• [THE PROBLEM] Output all of the data exactly, keeping any images out of the copy.

• [INFORMATION SHOWN]

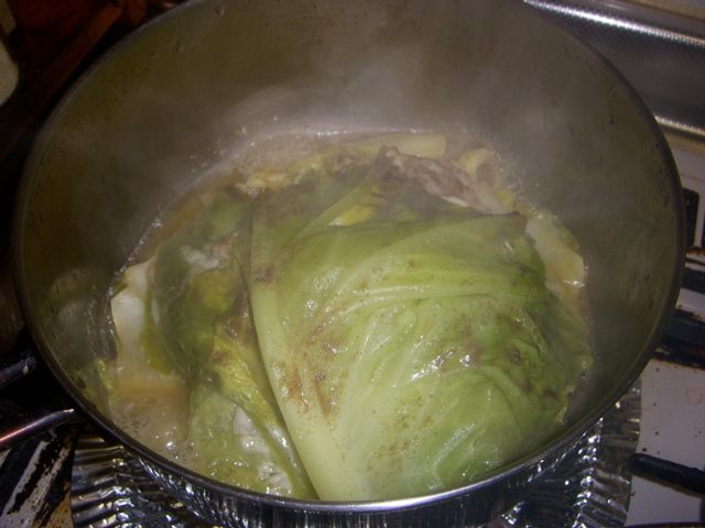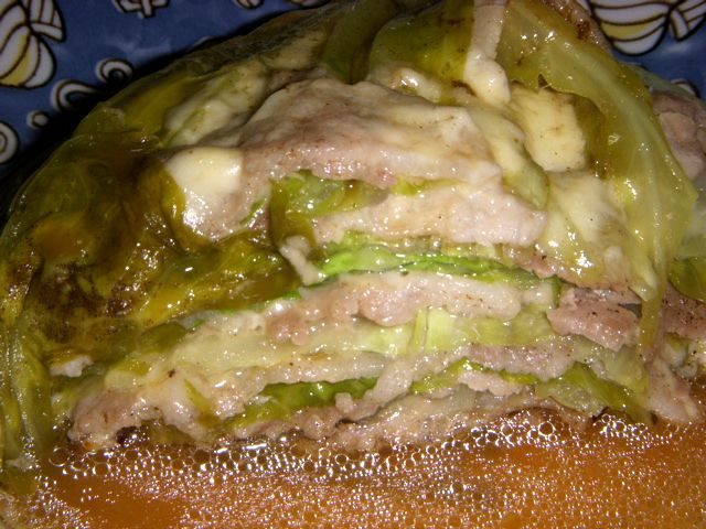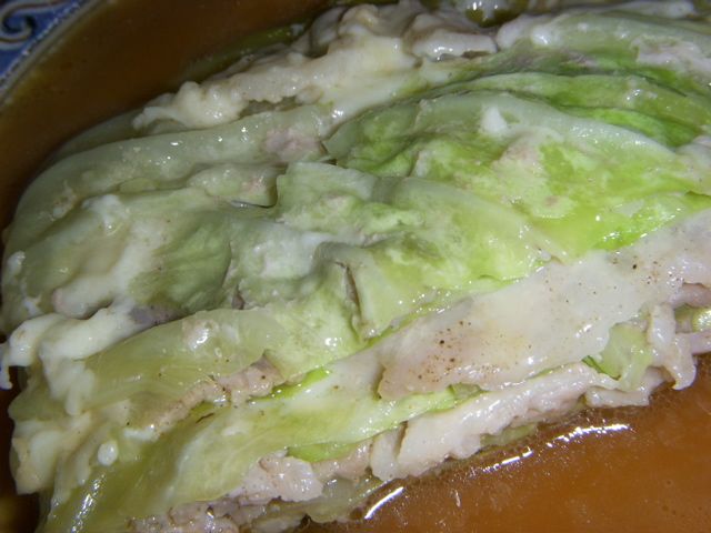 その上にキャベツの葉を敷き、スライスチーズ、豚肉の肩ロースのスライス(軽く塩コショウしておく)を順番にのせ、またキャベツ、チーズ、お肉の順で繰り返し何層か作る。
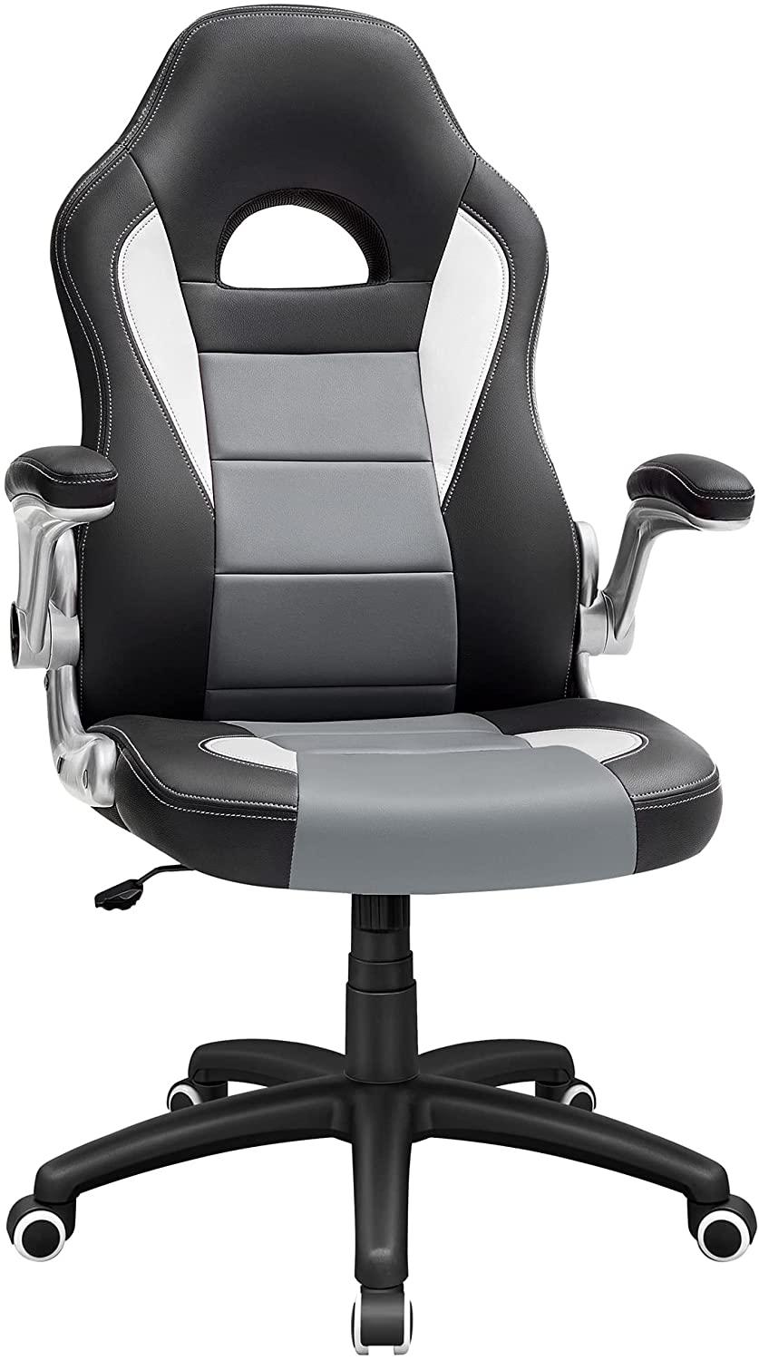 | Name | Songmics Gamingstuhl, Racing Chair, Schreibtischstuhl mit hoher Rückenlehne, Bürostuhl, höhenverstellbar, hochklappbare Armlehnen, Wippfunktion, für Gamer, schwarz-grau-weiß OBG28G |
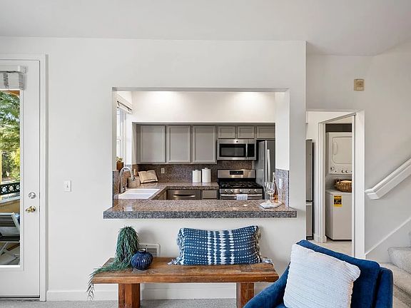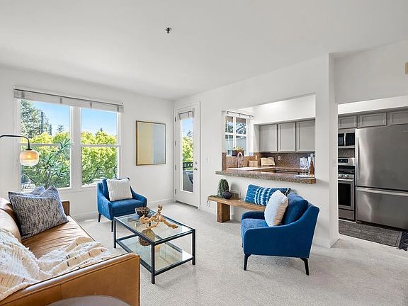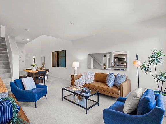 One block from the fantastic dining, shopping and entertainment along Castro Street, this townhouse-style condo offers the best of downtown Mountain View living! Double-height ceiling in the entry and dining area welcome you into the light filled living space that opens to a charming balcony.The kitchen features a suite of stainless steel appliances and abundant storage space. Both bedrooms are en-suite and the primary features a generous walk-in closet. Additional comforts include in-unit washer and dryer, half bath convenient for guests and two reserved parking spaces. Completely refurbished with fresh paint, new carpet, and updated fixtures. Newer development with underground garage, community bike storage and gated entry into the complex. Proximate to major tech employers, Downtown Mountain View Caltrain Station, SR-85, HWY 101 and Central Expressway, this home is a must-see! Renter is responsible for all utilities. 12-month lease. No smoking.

• [FINISHED TASK]
 その上にキャベツの葉を敷き、スライスチーズ、豚肉の肩ロースのスライス(軽く塩コショウしておく)を順番にのせ、またキャベツ、チーズ、お肉の順で繰り返し何層か作る。
 | Name | Songmics Gamingstuhl, Racing Chair, Schreibtischstuhl mit hoher Rückenlehne, Bürostuhl, höhenverstellbar, hochklappbare Armlehnen, Wippfunktion, für Gamer, schwarz-grau-weiß OBG28G |
 One block from the fantastic dining, shopping and entertainment along Castro Street, this townhouse-style condo offers the best of downtown Mountain View living! Double-height ceiling in the entry and dining area welcome you into the light filled living space that opens to a charming balcony.The kitchen features a suite of stainless steel appliances and abundant storage space. Both bedrooms are en-suite and the primary features a generous walk-in closet. Additional comforts include in-unit washer and dryer, half bath convenient for guests and two reserved parking spaces. Completely refurbished with fresh paint, new carpet, and updated fixtures. Newer development with underground garage, community bike storage and gated entry into the complex. Proximate to major tech employers, Downtown Mountain View Caltrain Station, SR-85, HWY 101 and Central Expressway, this home is a must-see! Renter is responsible for all utilities. 12-month lease. No smoking.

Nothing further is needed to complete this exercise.